We partitioned and denoted the inverse of the LHS matrix of the MME as \(\left[\begin{array}{cc}{\mathbf{C}}^{\mu \mu }& {\mathbf{C}}^{\mu \mathbf{g}}\\ {\mathbf{C}}^{\mathbf{g}\mu }& {\mathbf{C}}^{\mathbf{g}\mathbf{g}}\end{array}\right]\). The reliability of GEBV for genotyped animal \(i\) is \({r}_{g,g,i}^{2*}=1- \lambda \frac{{\mathbf{Z}}_{i}{\mathbf{C}}^{\mathbf{g}\mathbf{g}}{\mathbf{Z}}_{i}^{^{\prime}}}{{\mathbf{G}}_{ii}}\), where \({\mathbf{Z}}_{i}\) represents row \(i\) in \(\mathbf{Z}\), and \({\mathbf{G}}_{ii}\) is the diagonal element \(i\) of the genomic relationship matrix \(\mathbf{G}=\mathbf{Z}{\mathbf{Z}}^{^{\prime}}\).

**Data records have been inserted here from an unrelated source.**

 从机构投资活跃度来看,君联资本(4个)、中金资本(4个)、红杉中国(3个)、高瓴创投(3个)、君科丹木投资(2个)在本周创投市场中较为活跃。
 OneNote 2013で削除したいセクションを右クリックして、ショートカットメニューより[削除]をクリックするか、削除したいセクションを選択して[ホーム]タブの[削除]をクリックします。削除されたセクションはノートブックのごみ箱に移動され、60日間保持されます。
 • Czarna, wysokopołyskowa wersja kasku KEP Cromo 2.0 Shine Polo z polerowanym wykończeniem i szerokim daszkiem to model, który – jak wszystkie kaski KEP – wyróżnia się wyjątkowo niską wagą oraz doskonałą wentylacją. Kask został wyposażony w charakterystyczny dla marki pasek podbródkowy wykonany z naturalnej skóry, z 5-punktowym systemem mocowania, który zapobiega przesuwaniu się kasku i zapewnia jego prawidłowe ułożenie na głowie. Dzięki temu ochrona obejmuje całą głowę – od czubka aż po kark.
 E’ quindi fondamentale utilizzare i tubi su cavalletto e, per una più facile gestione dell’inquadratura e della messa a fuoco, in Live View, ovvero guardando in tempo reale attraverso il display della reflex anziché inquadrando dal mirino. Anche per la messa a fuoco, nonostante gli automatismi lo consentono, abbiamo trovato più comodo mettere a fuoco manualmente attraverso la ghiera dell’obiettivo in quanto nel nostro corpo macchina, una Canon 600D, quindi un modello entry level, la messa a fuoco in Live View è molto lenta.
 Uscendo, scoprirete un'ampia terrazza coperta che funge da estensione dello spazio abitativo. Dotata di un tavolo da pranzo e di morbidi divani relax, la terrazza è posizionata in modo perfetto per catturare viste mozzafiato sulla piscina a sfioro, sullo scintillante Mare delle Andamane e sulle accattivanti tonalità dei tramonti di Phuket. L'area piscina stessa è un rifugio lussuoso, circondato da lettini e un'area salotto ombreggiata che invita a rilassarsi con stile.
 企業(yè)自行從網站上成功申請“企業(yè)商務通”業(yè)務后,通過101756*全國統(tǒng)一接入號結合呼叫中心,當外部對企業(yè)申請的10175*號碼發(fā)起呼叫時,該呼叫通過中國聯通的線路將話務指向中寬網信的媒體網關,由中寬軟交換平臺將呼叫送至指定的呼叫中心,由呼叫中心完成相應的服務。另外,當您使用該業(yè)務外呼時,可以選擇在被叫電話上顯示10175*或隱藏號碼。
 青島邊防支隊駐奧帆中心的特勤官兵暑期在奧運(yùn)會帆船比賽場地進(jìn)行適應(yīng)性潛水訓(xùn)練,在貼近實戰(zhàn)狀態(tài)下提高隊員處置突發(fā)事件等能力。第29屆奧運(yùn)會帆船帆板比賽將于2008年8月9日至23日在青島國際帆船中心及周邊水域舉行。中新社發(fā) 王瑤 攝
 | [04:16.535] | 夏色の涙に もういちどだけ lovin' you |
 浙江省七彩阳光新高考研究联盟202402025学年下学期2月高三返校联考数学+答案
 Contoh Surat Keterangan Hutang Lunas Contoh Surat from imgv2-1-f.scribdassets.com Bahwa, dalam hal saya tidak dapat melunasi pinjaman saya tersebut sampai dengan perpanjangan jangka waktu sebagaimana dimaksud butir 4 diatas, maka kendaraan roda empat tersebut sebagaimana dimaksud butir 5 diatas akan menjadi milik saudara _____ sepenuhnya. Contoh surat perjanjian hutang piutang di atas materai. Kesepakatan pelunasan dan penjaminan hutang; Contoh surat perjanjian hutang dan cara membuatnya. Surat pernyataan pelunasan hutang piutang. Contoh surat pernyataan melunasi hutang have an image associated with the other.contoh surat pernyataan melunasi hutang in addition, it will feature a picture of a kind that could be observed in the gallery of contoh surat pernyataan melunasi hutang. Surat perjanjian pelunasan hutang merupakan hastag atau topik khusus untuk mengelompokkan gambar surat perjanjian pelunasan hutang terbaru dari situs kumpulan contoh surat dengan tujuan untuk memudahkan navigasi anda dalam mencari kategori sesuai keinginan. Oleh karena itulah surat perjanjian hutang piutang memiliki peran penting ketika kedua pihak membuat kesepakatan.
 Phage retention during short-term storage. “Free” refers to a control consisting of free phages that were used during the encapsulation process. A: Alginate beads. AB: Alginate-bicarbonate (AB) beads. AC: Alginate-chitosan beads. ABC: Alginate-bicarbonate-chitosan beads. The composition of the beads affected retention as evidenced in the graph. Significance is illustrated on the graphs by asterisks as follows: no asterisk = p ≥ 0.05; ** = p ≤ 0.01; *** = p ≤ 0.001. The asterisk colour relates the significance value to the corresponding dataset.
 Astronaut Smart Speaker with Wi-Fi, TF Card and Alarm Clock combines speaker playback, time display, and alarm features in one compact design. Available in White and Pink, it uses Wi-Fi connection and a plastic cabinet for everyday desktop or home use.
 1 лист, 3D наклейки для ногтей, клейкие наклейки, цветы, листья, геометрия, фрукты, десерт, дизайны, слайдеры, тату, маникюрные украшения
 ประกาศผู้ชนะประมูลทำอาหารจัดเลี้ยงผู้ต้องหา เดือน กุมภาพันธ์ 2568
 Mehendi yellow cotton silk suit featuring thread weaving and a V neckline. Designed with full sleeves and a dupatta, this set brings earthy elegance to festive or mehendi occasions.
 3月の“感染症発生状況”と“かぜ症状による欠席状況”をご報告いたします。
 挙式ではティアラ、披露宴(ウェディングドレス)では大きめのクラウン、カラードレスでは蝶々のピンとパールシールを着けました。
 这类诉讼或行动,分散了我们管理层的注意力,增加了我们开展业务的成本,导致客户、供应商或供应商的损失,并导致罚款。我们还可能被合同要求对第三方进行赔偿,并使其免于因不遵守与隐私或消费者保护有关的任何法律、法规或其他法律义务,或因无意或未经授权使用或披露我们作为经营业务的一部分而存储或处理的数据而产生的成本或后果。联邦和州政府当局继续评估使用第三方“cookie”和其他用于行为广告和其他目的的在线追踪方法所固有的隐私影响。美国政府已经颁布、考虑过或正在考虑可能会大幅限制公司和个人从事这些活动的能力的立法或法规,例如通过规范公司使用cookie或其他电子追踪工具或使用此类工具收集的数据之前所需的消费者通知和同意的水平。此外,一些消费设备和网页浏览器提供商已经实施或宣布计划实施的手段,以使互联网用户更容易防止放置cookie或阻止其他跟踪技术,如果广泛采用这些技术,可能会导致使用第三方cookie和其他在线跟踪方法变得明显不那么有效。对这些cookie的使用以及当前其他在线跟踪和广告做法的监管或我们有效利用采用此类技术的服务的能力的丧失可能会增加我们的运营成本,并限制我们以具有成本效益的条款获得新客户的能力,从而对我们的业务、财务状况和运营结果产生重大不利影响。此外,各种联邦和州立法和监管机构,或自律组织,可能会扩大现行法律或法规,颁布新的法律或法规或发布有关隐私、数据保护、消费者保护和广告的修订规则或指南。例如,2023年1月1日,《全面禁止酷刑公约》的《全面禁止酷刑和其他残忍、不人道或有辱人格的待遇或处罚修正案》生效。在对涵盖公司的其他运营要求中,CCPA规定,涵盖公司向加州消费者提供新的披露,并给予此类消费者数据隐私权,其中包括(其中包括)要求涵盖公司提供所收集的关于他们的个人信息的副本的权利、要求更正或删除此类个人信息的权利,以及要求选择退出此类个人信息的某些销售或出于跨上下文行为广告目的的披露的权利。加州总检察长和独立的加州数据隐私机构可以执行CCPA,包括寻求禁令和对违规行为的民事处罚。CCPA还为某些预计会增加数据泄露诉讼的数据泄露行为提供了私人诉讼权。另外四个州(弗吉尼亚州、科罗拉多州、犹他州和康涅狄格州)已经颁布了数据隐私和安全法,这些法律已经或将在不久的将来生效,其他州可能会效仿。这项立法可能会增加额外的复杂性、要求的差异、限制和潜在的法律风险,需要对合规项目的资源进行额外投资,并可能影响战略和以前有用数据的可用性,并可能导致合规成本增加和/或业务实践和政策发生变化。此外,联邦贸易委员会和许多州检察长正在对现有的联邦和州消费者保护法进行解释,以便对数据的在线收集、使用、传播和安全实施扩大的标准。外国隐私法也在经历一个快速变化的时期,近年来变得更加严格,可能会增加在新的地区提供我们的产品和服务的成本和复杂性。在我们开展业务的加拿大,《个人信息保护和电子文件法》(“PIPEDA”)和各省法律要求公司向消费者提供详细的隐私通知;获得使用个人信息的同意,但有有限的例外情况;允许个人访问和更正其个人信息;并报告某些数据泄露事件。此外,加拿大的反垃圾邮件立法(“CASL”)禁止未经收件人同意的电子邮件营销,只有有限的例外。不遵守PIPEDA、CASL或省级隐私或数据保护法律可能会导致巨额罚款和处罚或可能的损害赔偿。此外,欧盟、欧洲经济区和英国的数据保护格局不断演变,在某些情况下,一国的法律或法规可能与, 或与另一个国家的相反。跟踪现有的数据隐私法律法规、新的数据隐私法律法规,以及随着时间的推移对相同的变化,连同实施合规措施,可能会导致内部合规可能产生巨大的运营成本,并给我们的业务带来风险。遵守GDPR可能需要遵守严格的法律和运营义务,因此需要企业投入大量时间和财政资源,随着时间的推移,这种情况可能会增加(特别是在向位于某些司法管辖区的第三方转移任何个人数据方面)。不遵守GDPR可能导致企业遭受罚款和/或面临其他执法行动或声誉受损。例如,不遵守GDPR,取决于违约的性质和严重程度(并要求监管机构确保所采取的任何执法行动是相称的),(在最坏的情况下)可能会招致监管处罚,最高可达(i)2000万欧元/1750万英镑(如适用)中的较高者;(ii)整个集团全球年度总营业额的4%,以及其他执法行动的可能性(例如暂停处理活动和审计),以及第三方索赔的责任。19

The RPG effects can be accounted for in the final reliability of GEBV by blending the Model (2) reliabilities with the reliabilities of the traditional EBV from PBLUP in Step 1 using the following equation:

$${r}_{g,g,i}^{2}=\frac{\left(1 - \omega \right){\mathbf{G}}_{ii}{r}_{g,g,i}^{2*} + \omega {{\mathbf{A}}_{22}}_{ii}{r}_{p,g,i}^{2}}{\left(1 - \omega \right){\mathbf{G}}_{ii} + \omega {{\mathbf{A}}_{22}}_{ii}},$$

where \({{\mathbf{A}}_{22}}_{ii}\) is the diagonal element \(i\) of the \({\mathbf{A}}_{22}\) matrix which is equal to \(1+{\mathrm{F}}_{i}\) with \({\mathrm{F}}_{i}\) equal to the pedigree-based inbreeding coefficient of animal \(i\).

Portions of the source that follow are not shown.